**WHAT TO WORK ON**
Transcribe the entries below exactly, starting with the line that has "Hörður Sveinsson, ekki" and stopping after the line that has "Material: White/Black PU"; no pictures belong in the copy.

**SUPPLIED RECORDS**
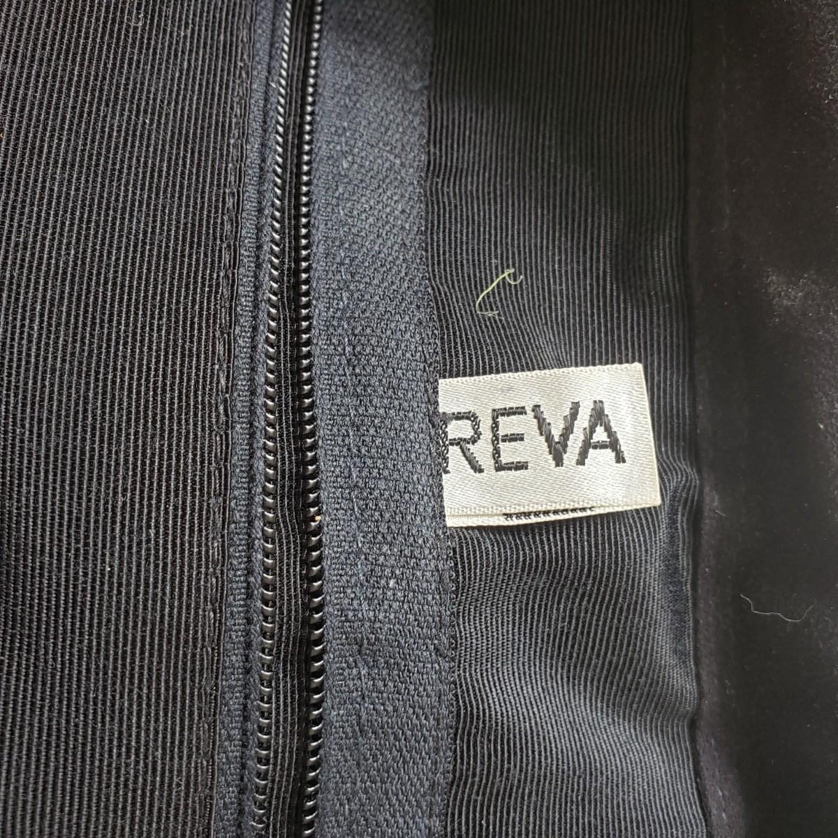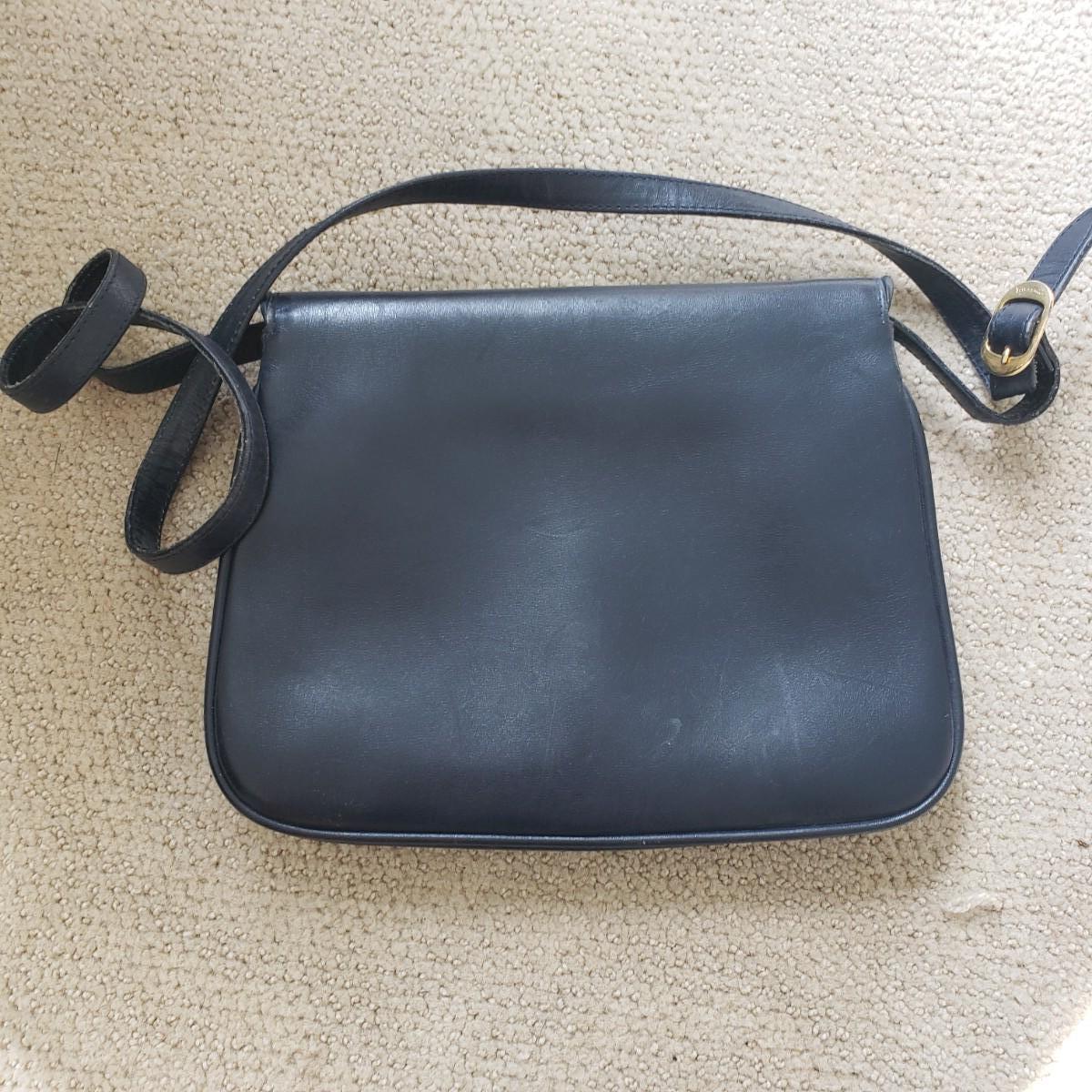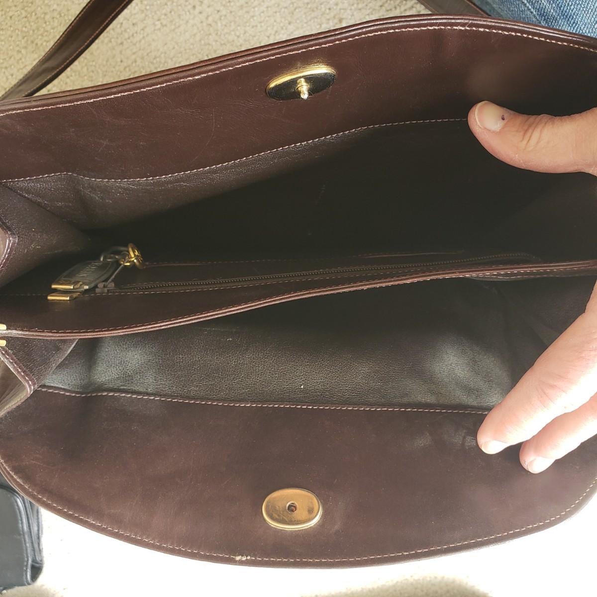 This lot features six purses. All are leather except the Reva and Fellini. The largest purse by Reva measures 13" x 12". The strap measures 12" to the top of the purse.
* * *
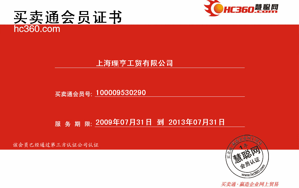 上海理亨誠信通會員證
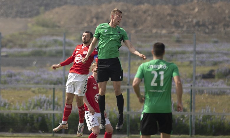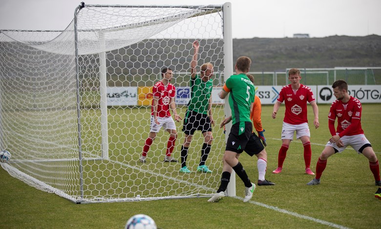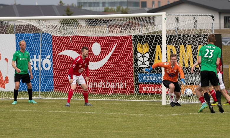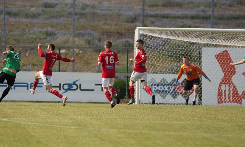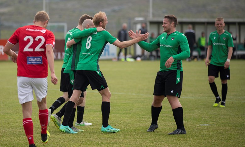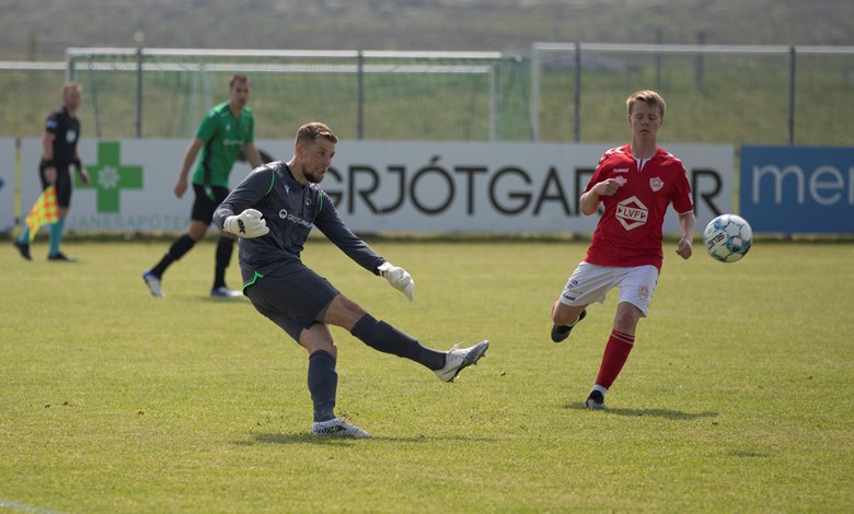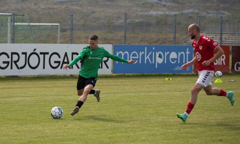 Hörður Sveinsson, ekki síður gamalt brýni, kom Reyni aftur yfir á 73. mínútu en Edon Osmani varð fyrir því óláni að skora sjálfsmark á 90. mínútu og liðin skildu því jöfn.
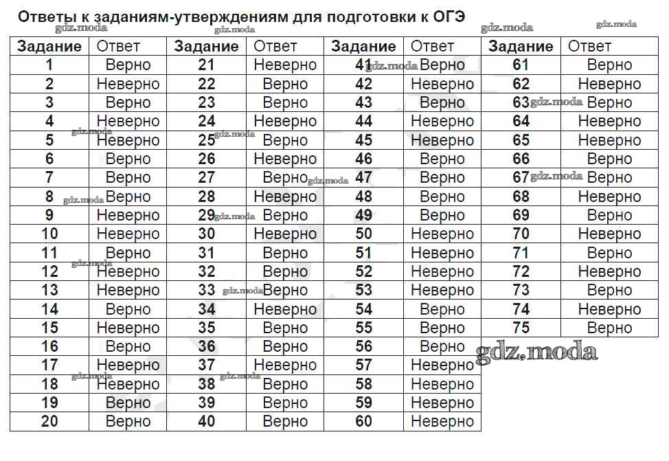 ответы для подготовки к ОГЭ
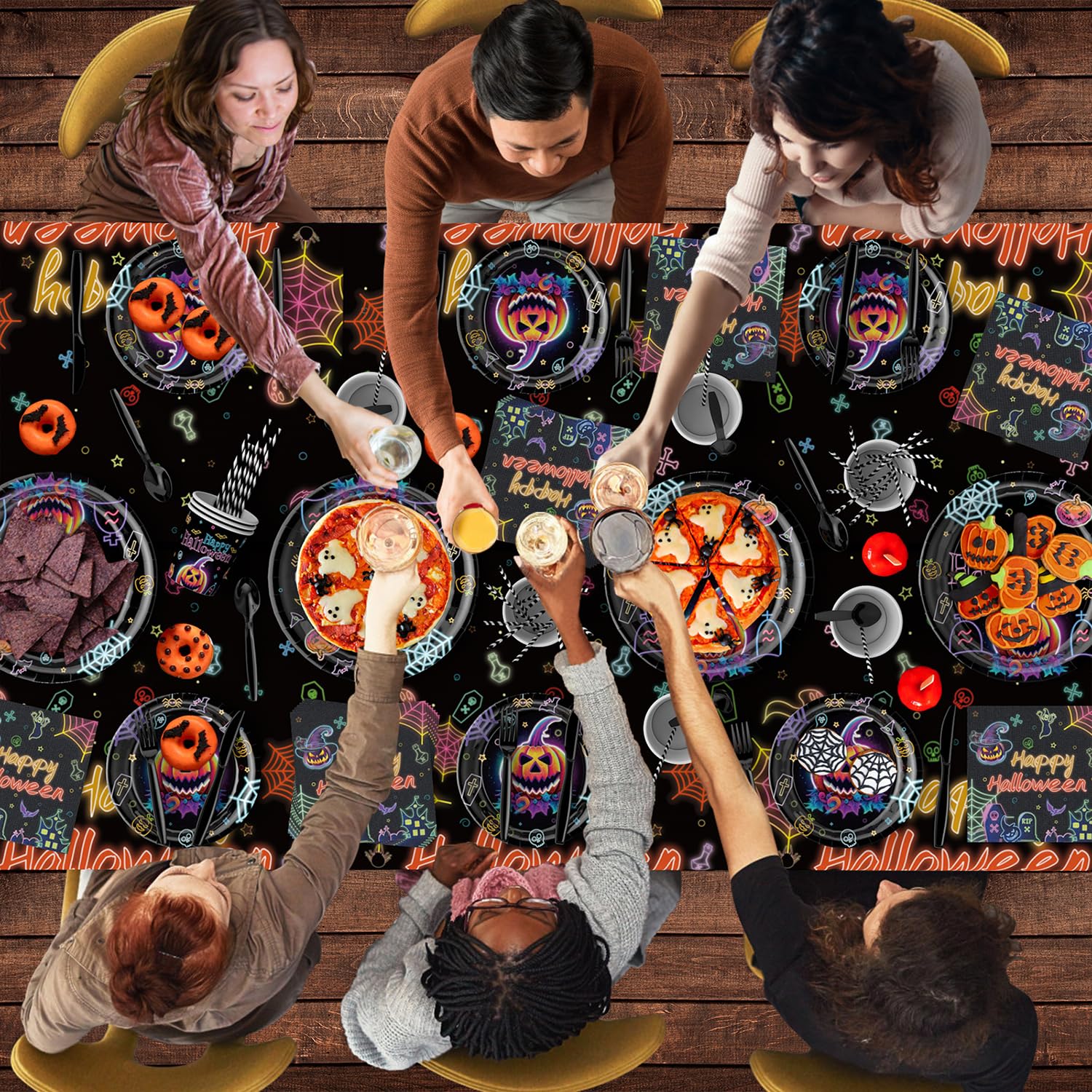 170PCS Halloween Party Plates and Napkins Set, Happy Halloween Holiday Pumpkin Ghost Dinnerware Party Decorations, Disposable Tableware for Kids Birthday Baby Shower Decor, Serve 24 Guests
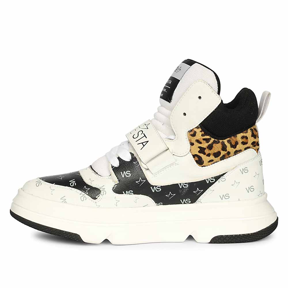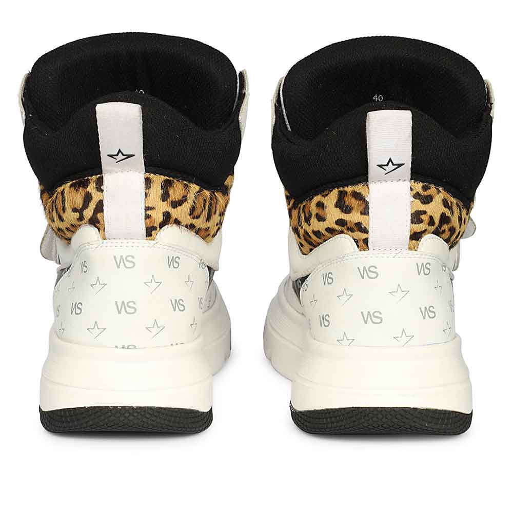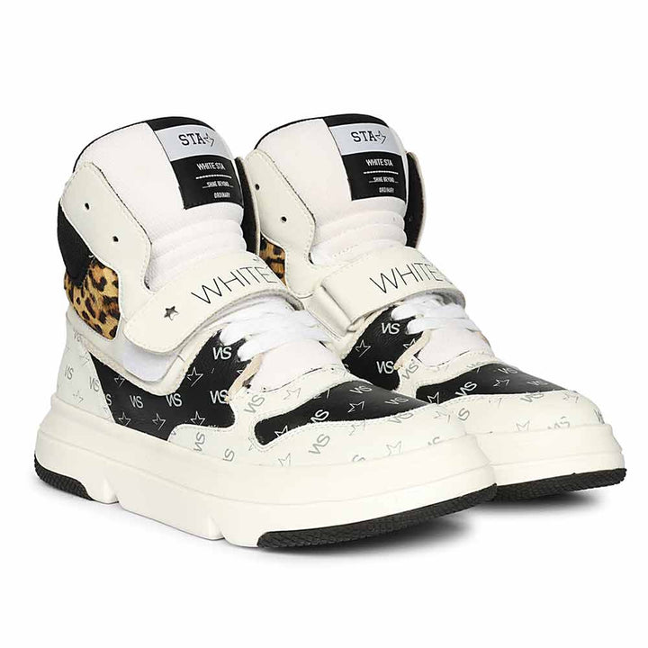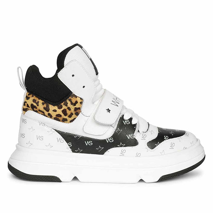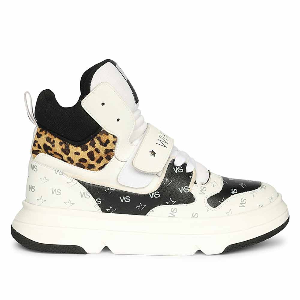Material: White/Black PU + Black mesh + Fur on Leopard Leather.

**RESPONSE FOR THIS EXERCISE**
 Hörður Sveinsson, ekki síður gamalt brýni, kom Reyni aftur yfir á 73. mínútu en Edon Osmani varð fyrir því óláni að skora sjálfsmark á 90. mínútu og liðin skildu því jöfn.
 ответы для подготовки к ОГЭ
 170PCS Halloween Party Plates and Napkins Set, Happy Halloween Holiday Pumpkin Ghost Dinnerware Party Decorations, Disposable Tableware for Kids Birthday Baby Shower Decor, Serve 24 Guests
Material: White/Black PU + Black mesh + Fur on Leopard Leather.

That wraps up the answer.